But did you know that some (or all) of the “conservative” justices joined in significant employment law decisions that Justice Breyer authored?

Here are three of them.

FLSA Retaliation

In Kasten v. Saint-Gobain Performance Plastics Corp., the plaintiff alleged that his employer retaliated against him for complaining about wage and hour practices. The lower court and appellate sided with Kasten’s employer. Why? Because although Kasten complained, he never did so in writing.

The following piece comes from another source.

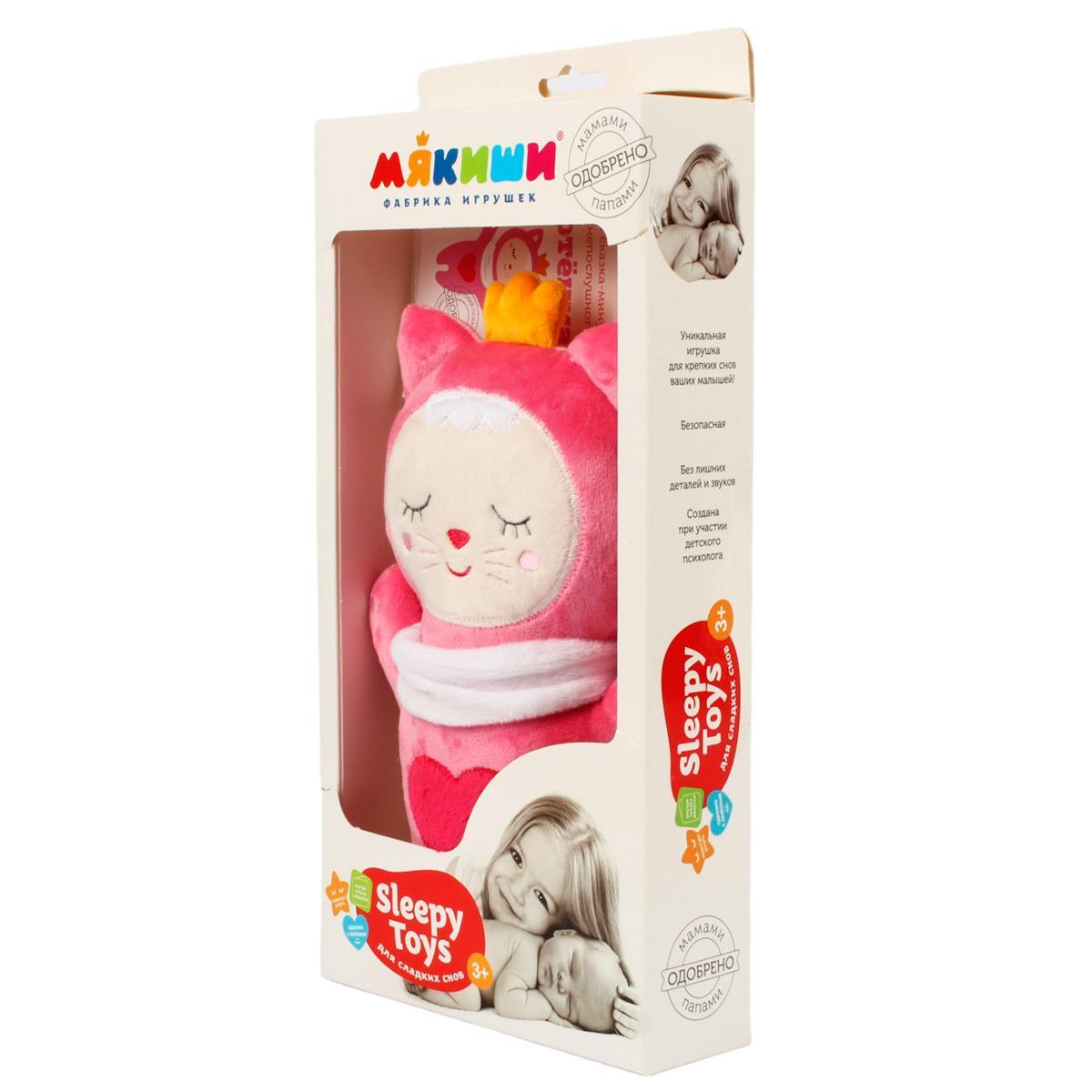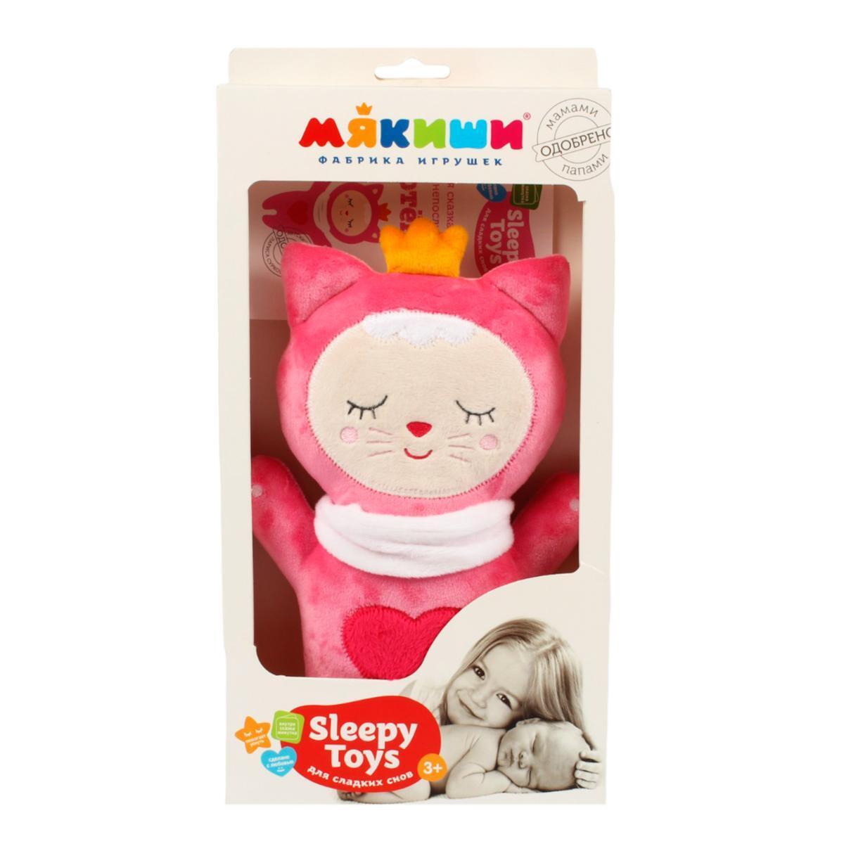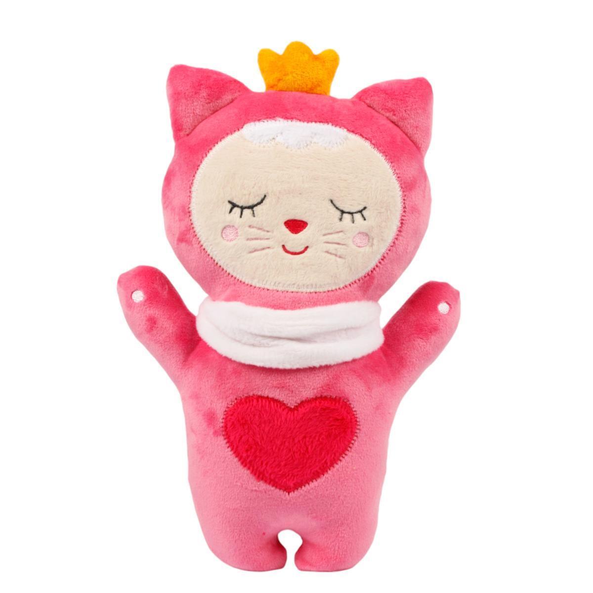 Игрушка выполнена в розовом цвете с белыми и красными элементами, что делает ее яркой и привлекательной. На груди у котенка расположено красное сердечко, а на голове — корона оранжевого цвета. Игрушка имеет компактные размеры, что позволяет легко держать ее в руках. 'Sleepy Toys' — это не просто игрушка, а настоящий друг для вашего малыша!

Justice Breyer (joined by Justices Alito, Kennedy, and Roberts, among others) disagreed. Writing for the Court, Justice Breyer concluded that the Fair Labor Standards Act protects employees from retaliation for complaining about violations of the statute, whether written or spoken.

Title VII Retaliation

Burlington Northern & Santa Fe Railway Co. v. White involved a plaintiff who alleged that her employer retaliated against her for complaining about harassment by giving her less desirable work duties. She was also suspended for 37 days without pay but eventually reinstated with full back pay.

White won $43,000 at trial. The Sixth Circuit affirmed, rejecting the employer’s argument that by making the plaintiff whole after the suspension and changing her job responsibilities, it did not commit any “adverse employment actions.”

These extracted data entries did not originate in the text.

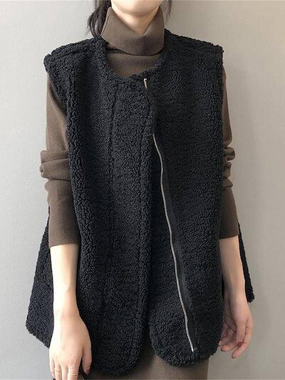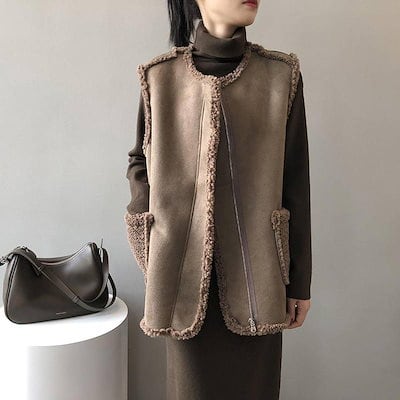 【2点購入25O円OFF】ベスト ジレ レディース 秋冬 前開き ファーベスト ムートンベスト リバーシブル ノーカラー アウター コート トップス 羽織り 羽織 ノーカラージャケット ロング丈 ロ
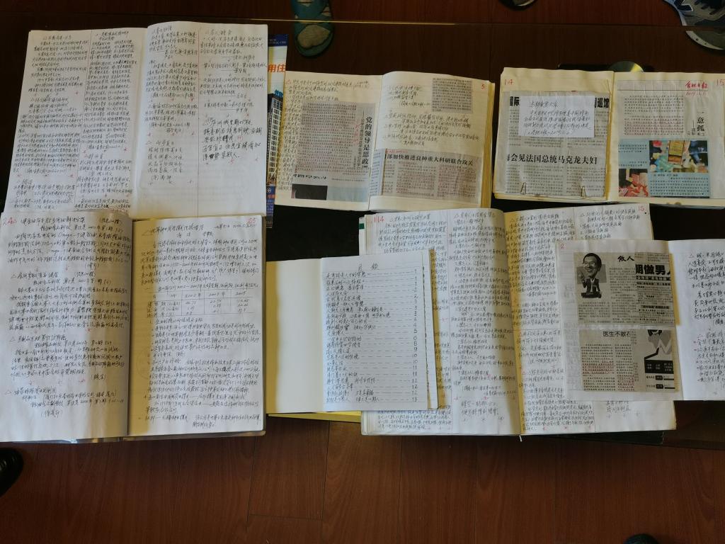 在交流中谈到党的生日时,宋老师拿出他的学习笔记,一本本的笔记剪报震撼了大家。在他的学习笔记里,以学党章、学讲话为主,学习记录涵盖了党的十八大以来习近平总书记系列重要讲话精神、党的十九大报告、党的十九届四中全会精神等内容。简报和摘抄中宋老特别关注粮食安全、精准扶贫和乡村振兴等国家发展中的重大战略问题。由于宋老师耳朵听力减退厉害,于是他订阅了一份报纸、一份杂志,每天坚持学习摘录,及时了解国家政策,对重要文件剪报粘贴,并附上学习感悟。
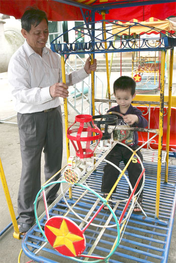 Hằng ngày, ông Lan đến trường đón cháu đi học về và dành thời gian chơi cùng cháu.
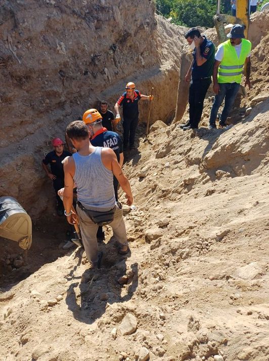 Alınan bilgiye göre, Beşeylül Mahallesi'ndeki arazilerinde iş makinesiyle su hattı açmak için kazı yapan Ahmet Güney (43) toprak altında kaldı.
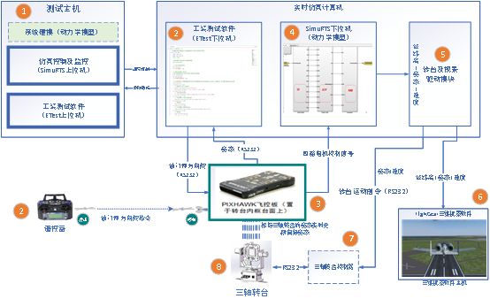 三轴转台接受到控制器发来的运动指令,精确地按照仿真计算出的姿态和角速度进行运动。这不仅允许用户可以直接看到模拟出的空中姿态变化。同时,安装在转台上的真实飞控板,会感知到转台的运动,并根据其自身的控制律和传感器数据,实时对原始的油门、副翼、升降舵、方向舵控制信号进行闭环微调,以满足飞行的稳定性和性能要求。
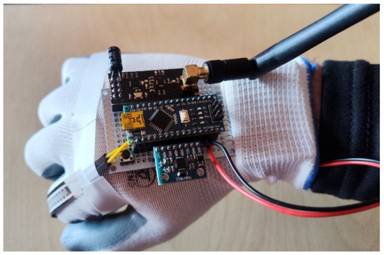 - One LiPo battery, 1200 mAh 7.2 V, whose capacity was chosen to ensure more than 10 h of the continuous Smart Glove v1.0 operation, has a longer operating time than the drone’s time of approximately 45 min.

The plaintiff’s win streak extended to three at the Supreme Court. The Supreme Court unanimously agreed that White suffered retaliatory discrimination. Justice Breyer’s opinion emphasized that Title VII‘s anti-retaliation provision covers those employer actions that would have been materially adverse to a reasonable employee or applicant. A plaintiff need only show that the challenged action “well might have ‘dissuaded a reasonable worker from making or supporting a charge of discrimination.'”

An employer-friendly ADA decision.


In US Airways, Inc. v. Barnett, an employee sued his employer, claiming that it failed to accommodate his disability (back injury) and violated the Americans with Disabilities Act. First, it was all good; he transferred into a new, less physically demanding position. However, the plaintiff later lost his job due to the employer’s seniority system.

The lower court granted summary judgment to the employer, holding that altering a seniority system would result in an “undue hardship” to the employer. The Ninth Circuit reversed, reasoning that disrupting a seniority system does not per se create an undue hardship. Instead, the analysis is more fact-intensive.

So, does the ADA require an employer to reassign a disabled employee to a position as a reasonable accommodation even though another employee is entitled to hold the position under the employer’s seniority system?

No, wrote Justice Breyer. Justices Rehnquist, O’Connor, and Kennedy agreed. (So did Justice Stevens.) An employer’s showing that the requested accommodation conflicts with seniority rules ordinarily establishes that an “accommodation” is not “reasonable.” However, the employee remains free to present evidence of special circumstances that makes a seniority rule exception reasonable in the particular case.

It just goes to show that, reputation aside, you never really know how a Supreme Court Justice will decide a case.